The Murray Ohio Manufacturing Company Harvard Case Solution & Analysis

INTRODUCTION

The location in which Murray Ohio is based is named as Brent wood, which is a Suburb of Nashville. In addition to this, the company was involved in the manufacturing of two product lines, which comprises of the power mowers, and the second one is bicycles.

Hence, the production of bicycles was started in Ohio in the fiscal year 1936 and that the production was comprised of the different range of bicycles.
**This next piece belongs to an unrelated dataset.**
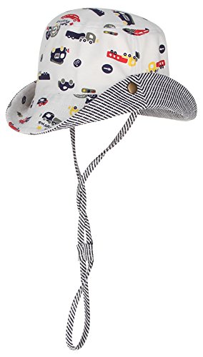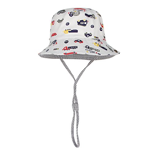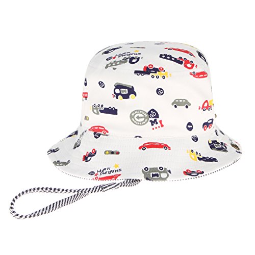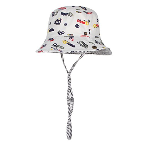 GEMVIE ベビーキャップ 可愛いプリント 日焼け止め UVカット 夏 男の子 女の子 ハット あごひも付き 通園 幼稚園 遠足 キッズ 帽子 S ホワイト

Moreover, the sales of these bicycles took place under the brand name of Murray as well as the private labels of retailers who had a strong position.

Moreover, there also seemed to be a strong competition in this market in which Murray and its competitors were operating.On the other hand, in the fiscal year 1984 the company performed a manufacturing of one-third of the bicycles as well.

However, the other product in which during that product’s production,Murray was involved in including the power movers in which it became involved in the fiscal year 1986.Moreover,by the year of 1984, it was able capture large slice of the market due to this product.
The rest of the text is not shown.